Some Thoughts on Lakes & Now Wolves by Scott Metz (Modern Haiku Press, 2012)
I find this one to be a great book for artistic inspiration as well as a fascinating read. Metz can write wholly memorable haiku (hear them once and they’re with you forever) in the traditional sense.
among the waves
in the Sea of Japan
a woman’s perfume
or
New Year’s Day —
the wreath has fallen
between the doors
But he’s also interested in exploring (and evolving) the other forms which micropoetry can manifest. So there are monoku and vertical poems playing with the infrastructure of syllabification, morphemes and phonemes. Philip Rowland’s useful introduction draws comparisons with language-poetry and poets like Robert Grenier. And then there are poems that sound like Dr. Williams as much as they might suggest Aram Saroyan at his best.
most of
what is
right
in
a wild
flower
patch.
That insistent meaning to be had in separation of particulars probably emerged in Williams more strongly than it did in any poet of early Modernism. It’s with us still, because it’s a useful aid in the practice of seeing, a phenomenological tool. Slow down the stream of language and the tendrils that form around words in the currents of thinking and speaking begin to show. I think in the poem above it all come down to the word “patch.” The patch of beauty. The patch applied as poultice to the mind. The patch a multiplicity. The patch between that is communication. How we patch into the world. We still don’t know what “most of what is right is” with any certainty. But it’s in that patch. All definitions are ultimately circular at some level. It’s the quantum uncertainty Williams fell naturally in sync with in poetry as it entered the world in science. I like the coolness of the poem, its shadowy mind. It makes a sacrament out of very little and I think the sacrament feels nice.
This is the sort of book I know I will reread many times. Because there is no obtrusiveness of form or ego or even voice. The sense of voice is pleasantly splintered. If Iceland spar could cause voices to go prismatic the way it does images, the voices might vary in the way the poems do in this collection.
without permission part of me begins to bloom
and
lakes
& now wolves
entering Pegasus
and
the double
image of
a
small
cocoon
held
@ gunpoint
This book wields an imaginative heft wildly out-of-proportion to the number of words that actually appear on its pages.
Modern Haiku Press showed eminent good sense in bringing this bellwether title out, since it’s a great example of what I want to call freeku (Metz often refers to his work as merely “ku.”). Nothing wrong with seeing the free and the freek both in that neologism.
Haiku in English is doing very well after roughly a century of adjustment and growing pains. Once it shook that 5–7–5 syllabification motif (which never worked in English; Japanese is so different) haiku was able to breathe again. The whalebone corset had been cast down. The condescending Orientalism of Lowell and company was jettisoned too. Kerouac’s wild-heeled dancing in the form helped quite a bit to loosen things up.
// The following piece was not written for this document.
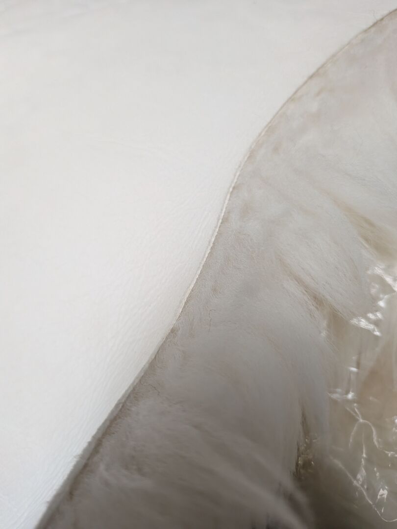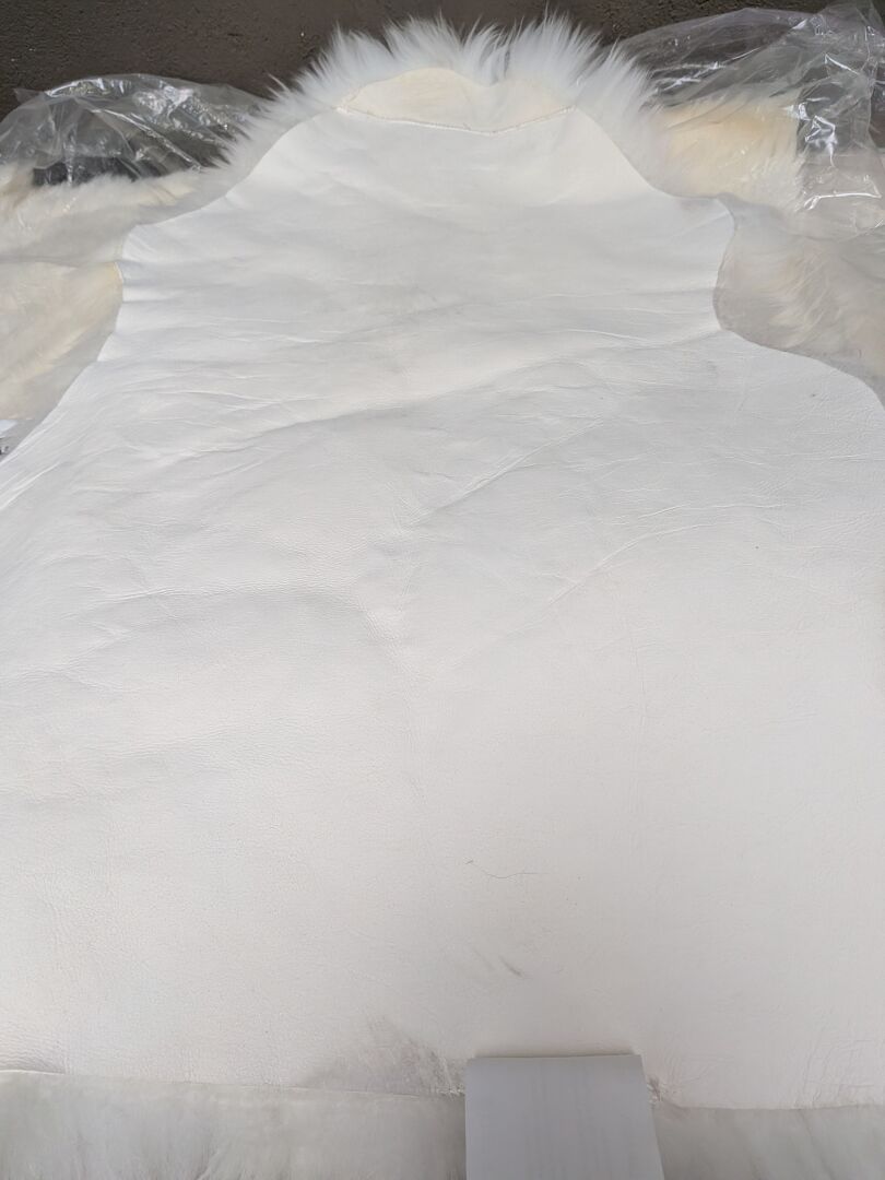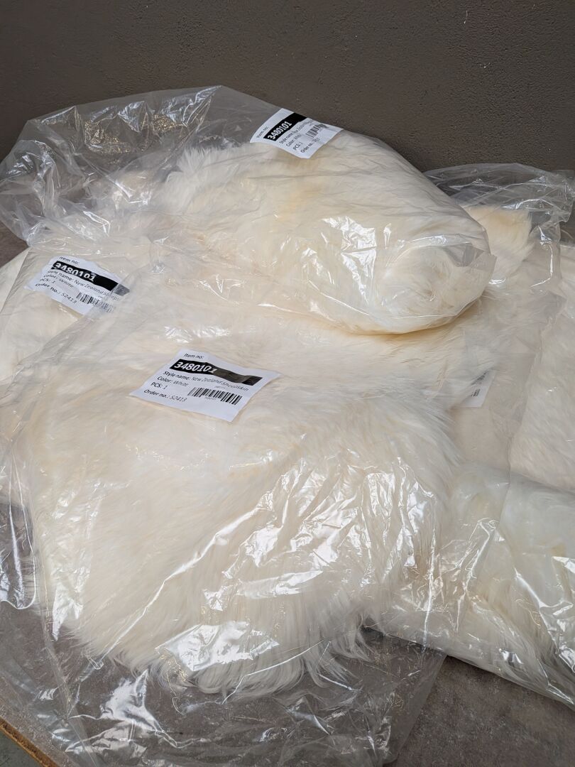 4 FOURRURES DE MOUTON BLANC CREME DIMENSION MOYENNE DE 90X55CM (expédition sur devis) Lot issu de colis non réclamés : état de fonctionnement non garanti.
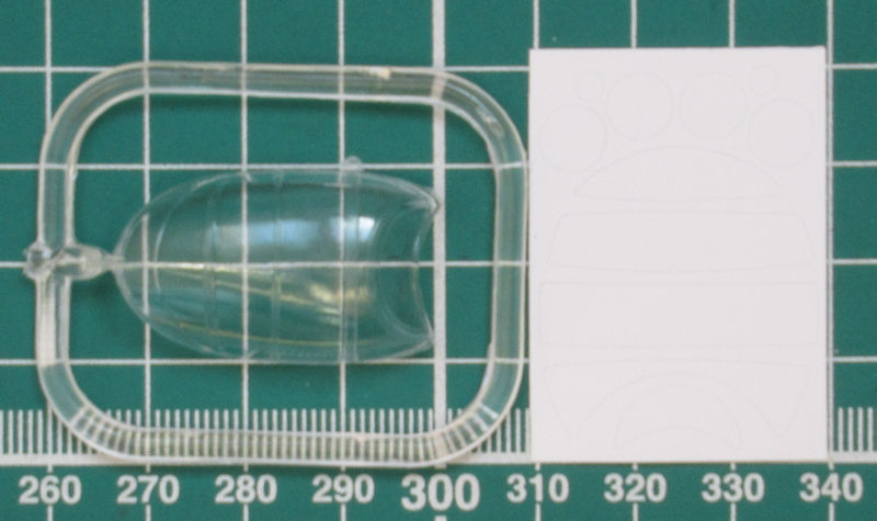 Die Cockpithaube besteht aus einem Teil und kann daher nicht offen angebaut werden. Wer das möchte, der muss sich eine selbst ziehen. Dafür gibt es als Lackierhilfe ein paar einfache Masken.

Kerouac turned out to be a true adept at Americanizing the form. Other Beats showed proficiency as well, and the era of bad copies began to draw to a close.
What remains now is one of the most interesting and underrated literary forms in English. When I think of what great haiku accomplish in a few seconds, I think of the way we interact with a stranger we will only see once in our lifetime for a few seconds, how important it always ends up being. Though it is a stranger. Though very little will be said or exchanged in glances. Though it will be all construction in two minds that won’t really meet. And yet they will. And they do. In that quick string of moments. To make a successful haiku is to make a believable stranger. A stranger of the sort you might wonder about for the rest of your life. Although, if someone were to ask you about the chance meeting, you wouldn’t really be able to explain. You can’t explain the quantum side of things. And that’s the strange thing about haiku. If it’s good, it always pops up like a stranger, one who makes you realize this is always another lifetime all over again. Metz’s book is a gallery of such strangers, a whole Station of the Metro.
I think with time we will realize that well-written haiku will age better and translate better than many other literary forms which will become trapped in time, in dated literary mores. like ancient insects in amber. Haiku’s insistence on the concrete and the immediate is what gives it galvanic energy to move forward in time.
It’s 8:14 p.m. Do you know where your Basho is?